Top of COLLECTED DATA
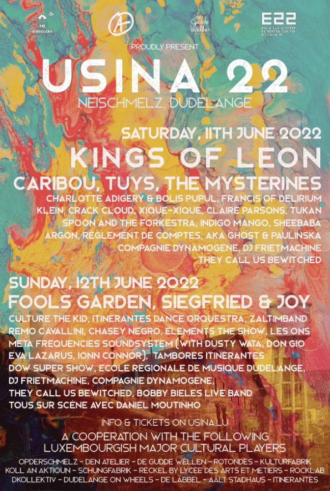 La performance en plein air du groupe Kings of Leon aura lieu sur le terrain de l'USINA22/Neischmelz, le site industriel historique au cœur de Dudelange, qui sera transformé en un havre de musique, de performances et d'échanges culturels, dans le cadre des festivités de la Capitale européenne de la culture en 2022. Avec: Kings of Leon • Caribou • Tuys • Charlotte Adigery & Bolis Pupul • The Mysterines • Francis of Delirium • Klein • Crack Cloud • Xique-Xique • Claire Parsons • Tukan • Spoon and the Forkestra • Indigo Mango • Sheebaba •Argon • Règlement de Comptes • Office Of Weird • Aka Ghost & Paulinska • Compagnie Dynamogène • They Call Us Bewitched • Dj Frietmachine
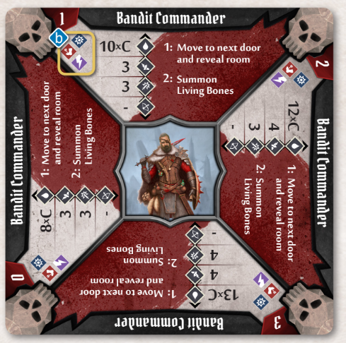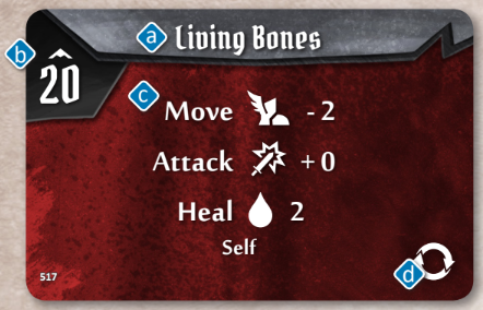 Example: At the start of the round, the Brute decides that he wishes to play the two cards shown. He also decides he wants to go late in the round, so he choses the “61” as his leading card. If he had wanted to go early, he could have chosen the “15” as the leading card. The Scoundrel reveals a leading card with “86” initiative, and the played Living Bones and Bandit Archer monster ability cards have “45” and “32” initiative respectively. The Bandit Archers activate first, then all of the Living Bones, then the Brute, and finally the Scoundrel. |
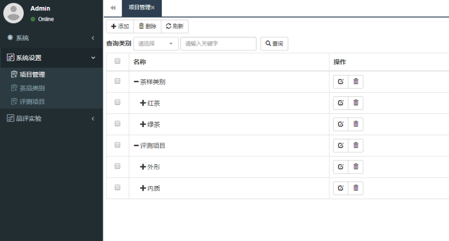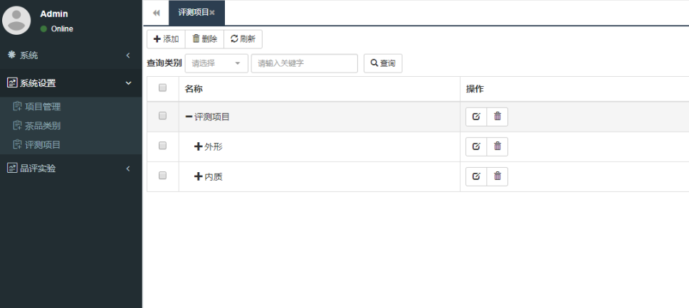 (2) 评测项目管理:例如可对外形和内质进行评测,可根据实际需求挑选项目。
Bottom of COLLECTED DATA
» TASK TO COMPLETE
An exact copy of the listing is required, with every image removed.

» RESULT BELOW
 La performance en plein air du groupe Kings of Leon aura lieu sur le terrain de l'USINA22/Neischmelz, le site industriel historique au cœur de Dudelange, qui sera transformé en un havre de musique, de performances et d'échanges culturels, dans le cadre des festivités de la Capitale européenne de la culture en 2022. Avec: Kings of Leon • Caribou • Tuys • Charlotte Adigery & Bolis Pupul • The Mysterines • Francis of Delirium • Klein • Crack Cloud • Xique-Xique • Claire Parsons • Tukan • Spoon and the Forkestra • Indigo Mango • Sheebaba •Argon • Règlement de Comptes • Office Of Weird • Aka Ghost & Paulinska • Compagnie Dynamogène • They Call Us Bewitched • Dj Frietmachine
 Example: At the start of the round, the Brute decides that he wishes to play the two cards shown. He also decides he wants to go late in the round, so he choses the “61” as his leading card. If he had wanted to go early, he could have chosen the “15” as the leading card. The Scoundrel reveals a leading card with “86” initiative, and the played Living Bones and Bandit Archer monster ability cards have “45” and “32” initiative respectively. The Bandit Archers activate first, then all of the Living Bones, then the Brute, and finally the Scoundrel. |
 (2) 评测项目管理:例如可对外形和内质进行评测,可根据实际需求挑选项目。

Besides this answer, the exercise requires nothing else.